Indeed. Within the “meta” structure to illustrate the concept it was easier to just add these fields explicitly to show some dependency on these being known/derivable. Strictly speaking, as the proposal stands now, sender ID is not even used at all, but I imagined it might be a useful reference for the conversation in case we want to introduce direct interactions between peers (e.g. requesting messages from a peer rather than the Store) or if someone suggested (partial) vector clocks as a replacement for the bloom filter mechanism.
Message ID does not belong in the final protobuf as it’s indeed derived, not added. Will adapt/clarify in future versions.


What can be the implication on a the 30 days store message retention policy?

Probably out of scope, but wondering if such a mechanism can help sync older messages that are out of store with other nodes.

I am guessing the bandwidth overheard would be too great.

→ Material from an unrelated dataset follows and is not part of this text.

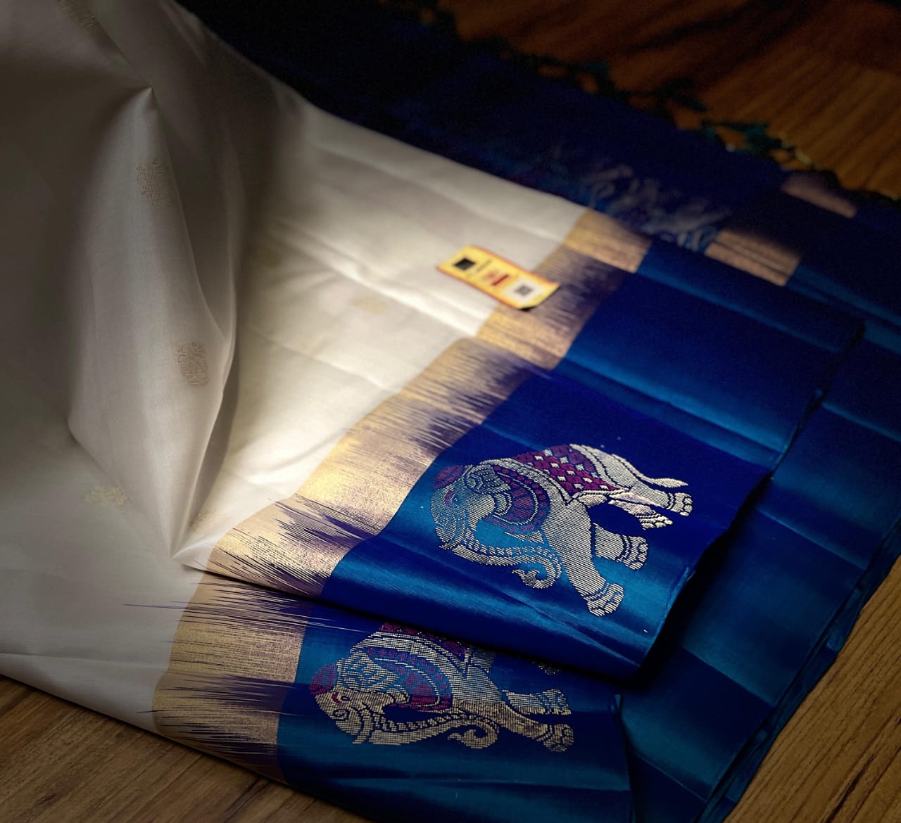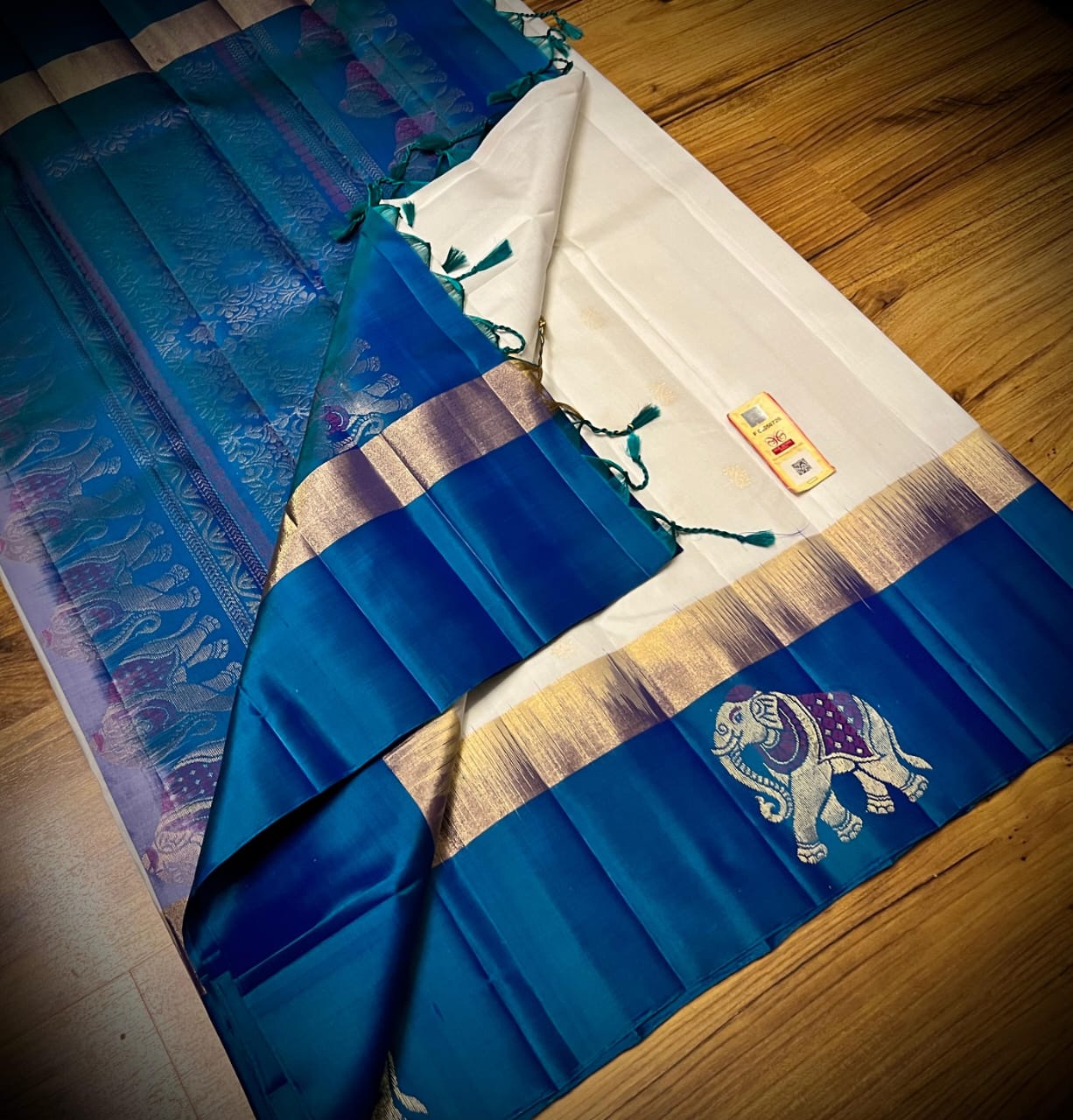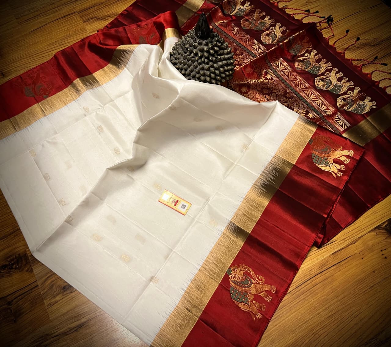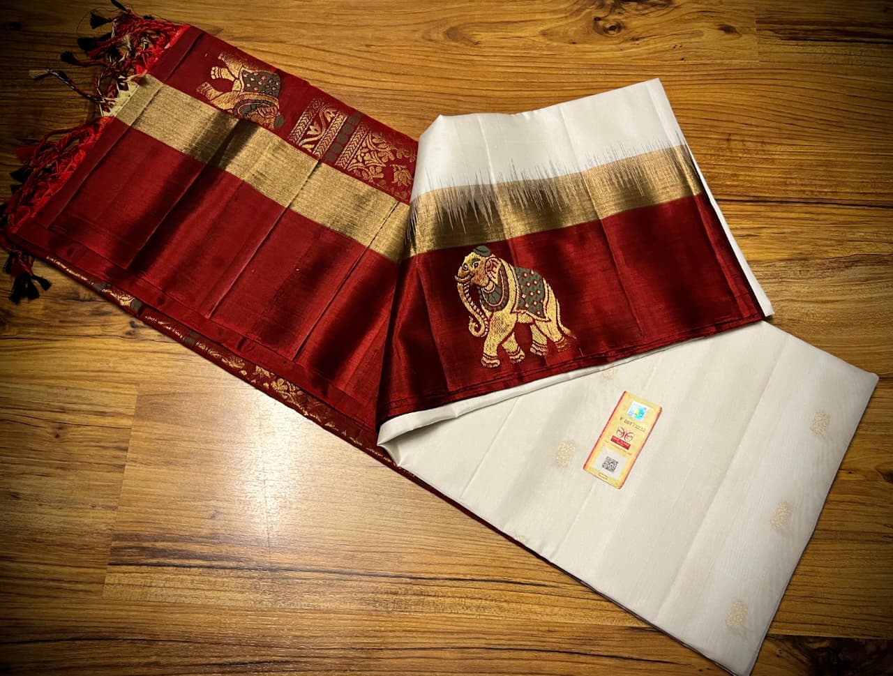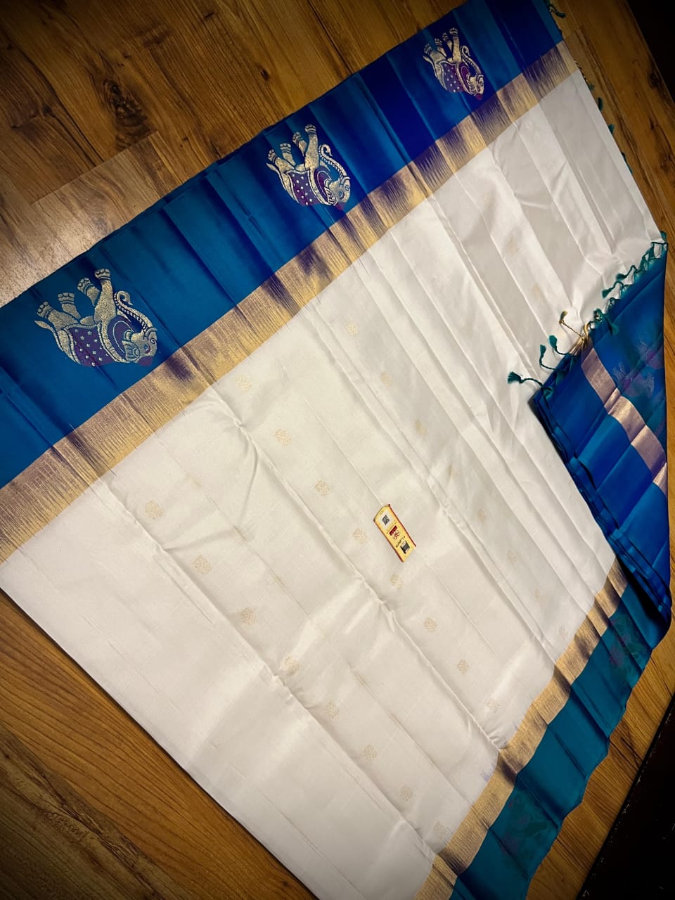 Kanchipuram pure soft silk sarees *Kanchipuram pure silk* Handloom weaving Lightweight pure silk 100% Handloom 100% pure pattu *Beautiful, unique colour combo crafted in pure silk* Side Butta concept Jarie weaving Butta on body and the border Both borders have side Butta weaving Contrast the rich pallu and blouse

Well, the long store retention would still be necessary/helpful for time-based queries to catch up to real time after offline periods. This would still be by far the most efficient way to recover missed messages - i.e. detect any offline periods and perform a time-based query for the gap. The reliability mechanism above can be used though to eventually reach consistency by ensuring all “dependencies” (i.e. full causal history) for received messages have been met, iteratively. As long as you receive any message within a causality chain you can go back in history, causal dependency after causal dependency, until you reach the historical point to which you have synced previously. This may require an iterative query process which will be both slow and expensive, so it should preferably only be used for recent history and in cases where we didn’t detect offline periods.

UPDATE: I do think it may be worth investigating a process that checks dependencies of all previously unchecked messages in the local log up to the “beginning of history” to ensure these have all their dependencies met. Large pages of messages received via time-based queries may or may not have complete causal histories. We could treat these chunks of historical logs as “unchecked” and only mark as “complete” when a parallel process has verified causal dependencies.

Another brief note on possible use of the bloom_filter per channel:

If we define a 1KB (8000 bit) filter with 4 hash functions, even with up to 500 message IDs in the filter for this channel we’ll still only have a ~0.2% false positive rate (1 in 400). The best strategy is probably for participants to recompute the bloom filter every t minutes, independently. It should then be possible to derive an ACK for sent messages with close to 100% confidence from positive inclusion in a number of received bloom filters - with this number determined by the number of items currently in the filter. However, the most useful use for the bloom_filter is likely going to be its ability to provide 100% confidence NACKs, with 100% confidence ACKs being message IDs included in causal histories of received messages. It will always be possible (though probably bad for scalability) to continue retransmitting messages until they’re included in a received causal history.